Nos países menos desenvolvidos o panorama é substancialmente diverso. Pois, para começar, depara-se logo com uma desoladora falta de empresários e dirigentes de empresas que, mediante o investimento, transformem recursos potencialmente disponíveis em adições ao stock de capital. Acontece assim, por um lado, porque o clima económico e social destes países não estimula grandemente a promoção de actividades industriais e comerciais por parte das pessoas qualificadas, nem é, tão-pouco, favorável é formação de tais pessoas. Por outro, ainda que se disponha de um número suficiente de elementos qualificados, a tarefa do empresário num país de economia pré-industrial é extremamente árdua.
31. Este condicionalismo é imputável a diferentes factores. Primeiro, as actividades industriais e comerciais são objecto de uma depreciação mais ou menos pronunciada em determinados estratos da sociedade; os interessados reagem dirigindo os seus filhos para actividades ou carreiras que se supõe concederem maior prestígio social, mas que em pouco ou nada contribuem para o desenvolvimento económico do País.

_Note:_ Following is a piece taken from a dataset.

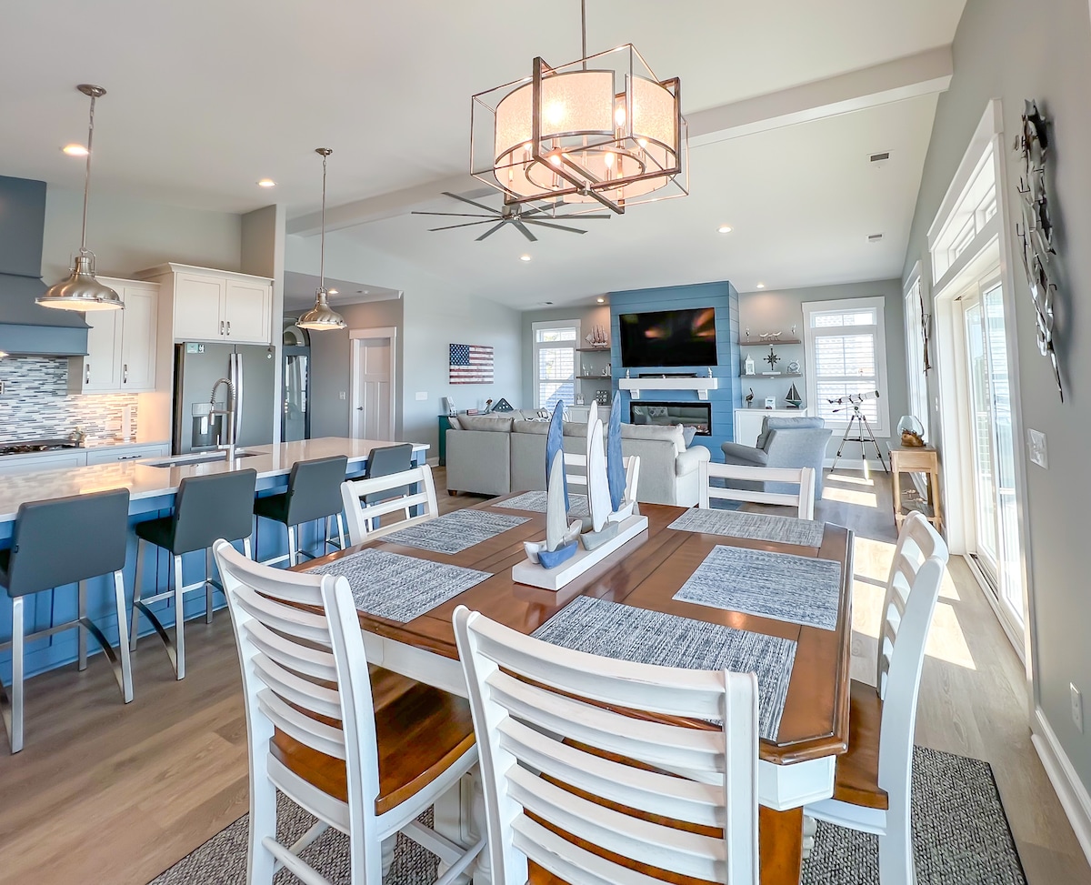 LUXURY at the beach! Book today for 2026! New PUTTING GREEN added! 2 minute direct walk to the sand! 5-Star rated Maize & Blue sleeps 10 with 4 bedrooms (3 with en-suite baths, + 1 more full bath). Experience sweeping beach views and sunsets from 2 HUGE decks overlooking the ocean .The open concept living, dining, and kitchen is perfect for hosting families and groups. Lots of parking and outdoor space to spread out and store your gear. Outdoor shower too! Linens provided & arrive to made beds.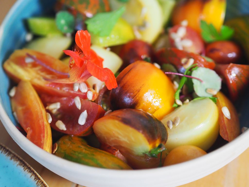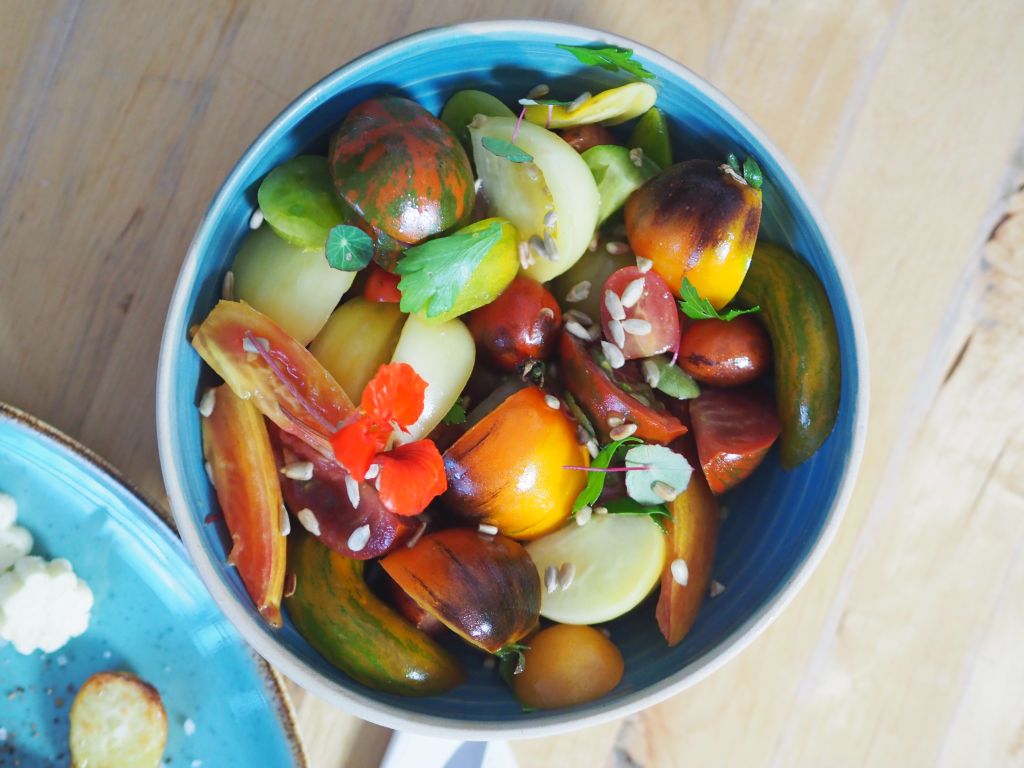 Oder: Kalottenbestücktes Huhn mit Paradeiservielfalt. Ein fantastisches Essen mit der Diversität aus dem Tomatenuniversum.

Depois, as aptidões para lançar e dirigir empresas são, regra geral, inatas e desenvolvem-se com a experiência adquirida. Os homens aprendem administração participando nela e só à medida que a economia se desenvolve pode aumentar o número de dirigentes qualificados.
Por último, a falta de investigação económica e técnica é de molde a dificultar a função do empresário. Sugere-se .como remédio uma investigação promovida pelo Governo, mas o certo é que esta não pode só por si lançar uma ponte entre uma ideia e a sua execução, pois os ideias raramente surgem quando há um vácuo em matéria de conhecimento e de experiência.
Na ausência dos ensinamentos que só uma longa tradição industrial poderia fornecer, toma-se muitas vezes para modelo uma outra empresa já- existente e, quando esta não existe, as empresas são organizadas sem uma adequada consideração do custo por que hão-de vir a produzir.
A falta de conhecimento ou de experiência, não só torna difícil a descoberta e aproveitamento das oportunidades, como ainda é responsável pela imperfeita idealização e execução dos planos. A incerteza inerente a todo o investimento, acentuada neste caso pela falta de experiência e pelas condições peculiares do mercado dos factores de produção, leva o empresário a sobreavaliar os riscos do investimento industrial, em confronto com outras alternativas.
O facto é responsável em boa medida pelo desvio dos capitais particulares para o que convencionalmente, embora sem grande rigor, se qualifica de investimento improdutivo ou especulativo.